Coronavirus: Los Angeles County ‘with all certainty’ will extend stay-at-home order for three months

Days after California began easing some restrictions, county public health director warns distancing order could remain through July

Alex Woodward
New York
Tuesday 12 May 2020 16:13
Gavin Newsom moves California towards opening up

Los Angeles County’s stay-at-home order is likely to continue through July to combat the spread of coronavirus, according to the county’s health director.

Amid debate over extending the county’s eviction moratorium, public health director Barbara Ferrer told the county’s Board of Supervisors that officials are eyeing “with all certainty” an extension of stay-at-home efforts for another three months, The Los Angeles Times reports.

She said the county’s “hope is that by using the data, we’d be able to slowly lift restrictions over the next three months” but easing those restrictions depends on the likelihood of widespread testing.

The county has recorded more than 32,000 cases of Covid-19, including at least 1,569 deaths, as of 11 May, as California slowly began to emerge from pandemic closures with restrictive reopenings for some parts of the most populous state in the US.

Deaths in the county account for roughly half of the state’s death toll.

Over the weekend, the state allowed some retailers to offer curbside and delivery options, and the county allowed parks, hiking trails and golf courses to reopen with physical distancing and mask requirements.

Los Angeles beaches are also set to reopen this week in limited capacity following two months of closure.

Dr Ferrer’s warnings followed US Senate testimony from White House health official Dr Anthony Fauci, who cautioned that early reopenings amid the public health crisis could risk a spike in new cases.

Experts say that central to state and local governments giving businesses and residents a greenlight are widespread testing and contact tracing, along with a clear 14-day decline in cases.

Dr Fauci, who leads the National Institute of Allergy and Infectious Diseases, told a Senate committee on Tuesday that if local governments ”jump over those various checkpoints” without accompanying healthcare capacity, those areas could see spikes ”that might turn into outbreaks” that “you may not be able to control”.

He added that those outbreaks “will set you back, not only leading to some suffering and death that could be avoided, but could even set you back on the road to try to get economic recovery”.

But states now are struggling to meet criteria established by the White House while also satisfying pressure from residents and businesses to get back to a “normal” despite inconsistent data and no clear direction for rolling back reopening efforts if there are upticks in cases and hospitalisations.

“It’s safer to stay at home,” Dr Ferrer said. “Covid-19 has not changed.”

On Monday, Los Angeles Mayor Eric Garcetti warned residents that if the stay-at-home order is lifted before health officials have declared it safe to so, 95 per cent of the county could by infected by August.

Pew polls have found that a majority of Americans support those restrictions, though experts also warn that “quarantine fatigue” coupled with warming weather across most of the US could drive infections as people move outdoors without proper distancing efforts in place.

The mayor told CNN that Dr Ferrer’s warning won’t mean that “we’ll stay exactly as we are for three more months.”

“That’s not the case,” he said. “I think she was saying we’re not going to fully reopen Los Angeles or anywhere in America without any protections or health orders in the next three months.

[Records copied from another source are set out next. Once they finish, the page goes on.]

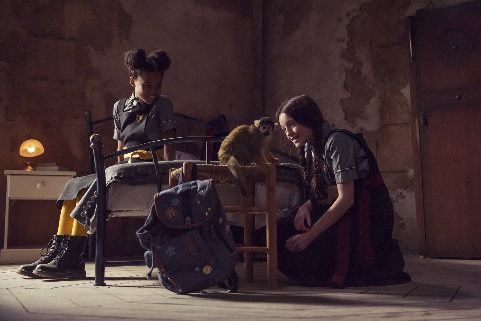 Der gestohlene ZauberDie Erstklässler kommen neu an die Akademie. Clarissa (Kitty Slack, l.) und Beatrix (Ynez Williams) begrüßen sich. Sie kennen sich bereits von der Aufnahmeprüfung.Bild: © ZDF und James Stack.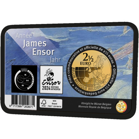 De The Oyster Eater à The Intrige : plus l'œuvre est célèbre et désirable/valorisable, plus le NFT est rare. Les œuvres d'Ensor prennent vie avec un « glitch » ou un frisson ! NFT : signifie Non-Fungible Token (jeton non fongible). Un NFT est un certificat numérique de propriété, stocké sur une blockchain, qui fait référence à un objet médiatique numérique. Des QR codes ont été ajoutés à 2 x cartes de 5 000 pièces 2 ½ euro James Ensor Année 2024 avec lesquels un NFT peut être réclamé. Les pièces sont donc accompagnées d'un supplément exclusif ! Vous recevrez la carte de pièce dans un dossier spécial avec des explications étape par étape.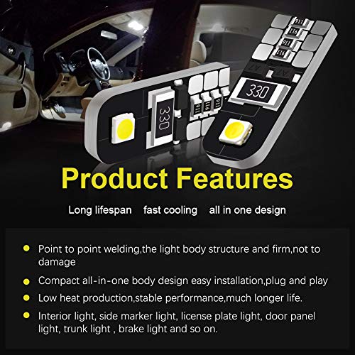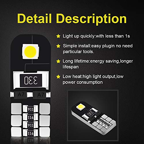 1.Super Bright: il LED W5W Ogni lampadina ha 2 2835 SMD su di esso, 6000K luce allo xeno bianca, angolo di illuminazione a 330 gradi, nessun punto cieco.

I think it’s going to be longer than three months. We’re not moving past Covid-19. We’re learning to live with it.”

The county’s current order is in place through 15 May.

“There’s no radical changes in the next week coming,” Mayor Garcetti told CNN. “That doesn’t mean three weeks from now, six weeks from now, two months from now, we won’t continuously edit that order and make sure we open up safely as much as we can, and if it gets dangerous, we may need to step back at times as well. I’ve always told people the hard truths.”